她让大家打来清水,将这些迷彩网小心翼翼地清洗干净,去除上面的沙土和污渍,让纤维恢复一定的韧性。
然后,她又从几块已经彻底报废、无法修复的材料上,耐心地、一根根地,拆解出单根的纤维丝,就像从蚕茧中抽丝一样。
最后,她拿出了一套自己带来的、专门用于修复古绣品的,型号各异的特制细针。
“来,大家看我做一遍。”
她将一块破损处清洗干净的迷彩网,绷在一个简易的木框上。
然后,她捏起一根比头发丝粗不了多少的纤维丝,穿进一根最细的绣花针里,屏住呼吸,俯下身去。
她的动作,瞬间变了。
不再是那个温和的沈老师,而是一个专注到极致的、令人敬畏的“匠人”。
她的眼睛,仿佛一台最高精度的显微镜,瞬间就分析出了破损处周围纤维的经纬走向。
她的手,稳得像一块磐石。
细针落下,没有发出任何声音。
它不是在“扎”,而是在纤维与纤维之间那微米级的缝隙中,轻巧地“滑”了进去。
然后,穿行,挑起,勾连……
她手中的细针,仿佛有了生命,变成了一只在经纬线上翩翩起舞的蝴蝶。她用那根拆解下来的纤维丝作为“线”,顺着迷彩网原有的纹理,一针一线地,将那个破损的口子,从内部开始,重新“编织”了起来!
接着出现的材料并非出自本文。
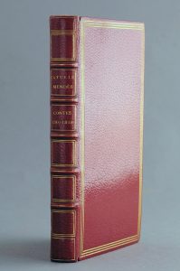 FRAIPONT. MENDES (Catulle). Contes choisis. Paris, Charpentier, 1886. In-32 (12,5 × 8,5 cm), [2] f., 280 p., 2 eaux-fortes par Gustave Fraipont, reliure maroquin rouge, dos à 5 nerfs, auteur et titre doré, caissons bordés d'un double filet doré,...
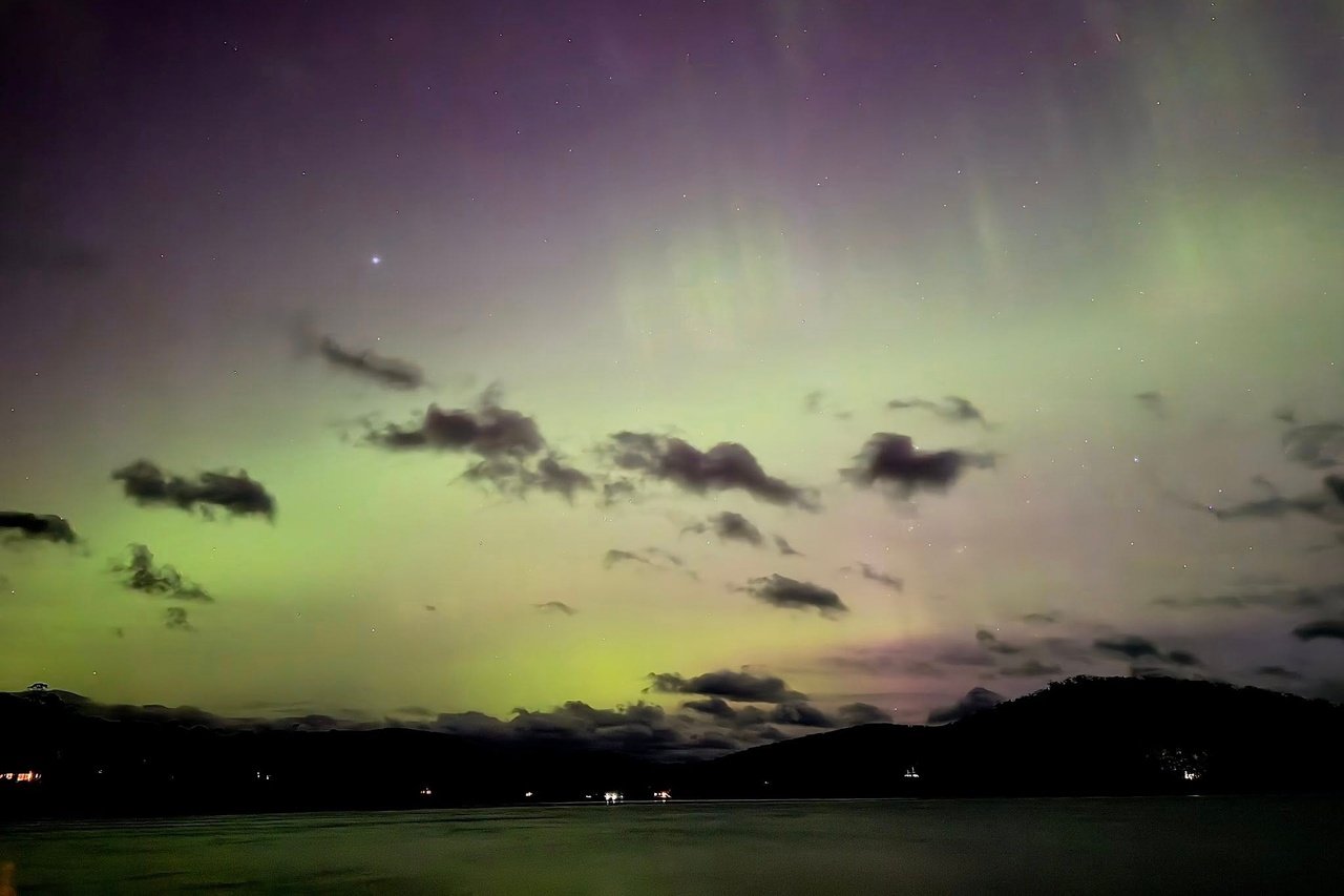 Spectacular displays of the southern lights were visible across Tasmania’s south and east coast overnight, despite challenging cloud conditions.

这个过程,比最精细的刺绣,还要复杂百倍,极其耗费眼力和心神!
张兰和孙嫂她们,全都看呆了。
她们一个个屏住呼吸,连大气都不敢喘一口,眼睛一眨不眨地盯着沈酌青那双灵巧得不可思议的手。
时间,一分一秒地过去。
半个小时后,沈酌青直起身子,轻轻舒了一口气。
“好了。”
众人连忙凑上前去。
只见刚才还存在着一个拳头大小破洞的地方,此刻,已经完好如初!
不,不对!
张兰甚至用手使劲揉了揉眼睛。
如果不是亲眼所见,她根本无法相信这里曾经有过一个洞!
那里的纹理、颜色、走向,和周围完好的部分,一模一样!真正做到了天衣无缝,无痕无迹!
“这……这是……魔法吗?”一个年轻的军嫂,结结巴巴地吐出了一句话。
沈酌青笑了笑:“这不是魔法,是技术,也是耐心。”
这一刻,所有人心中的最后一丝疑虑,都烟消云散了。取而代之的,是无与伦比的震撼和发自内心的崇拜!
就在大家准备大干一场的时候,沈酌青却有了另一个,让她心头一凛的意外发现。
她在清洗一块破损最严重、几乎已经碎成几片的迷彩网时,鼻尖,忽然闻到了一股极其微弱的、非正常的化学药剂的味道。
那味道很淡,被戈壁的风沙和日晒的味道掩盖了大部分,但她前世常年和各种化学修复试剂打交道,嗅觉比常人要敏锐得多。
她立刻停下了手里的动作。
她又将那块碎片凑到鼻子前,仔细地嗅了嗅。
没错!
是一种类似于弱酸腐蚀剂的味道!
她心中一动,立刻拿起那块碎片,仔细检查破损处的纤维断口。
在阳光下,她清晰地看到,那些断裂的纤维,边缘并不是自然磨损后那种毛糙的、拉伸的状态。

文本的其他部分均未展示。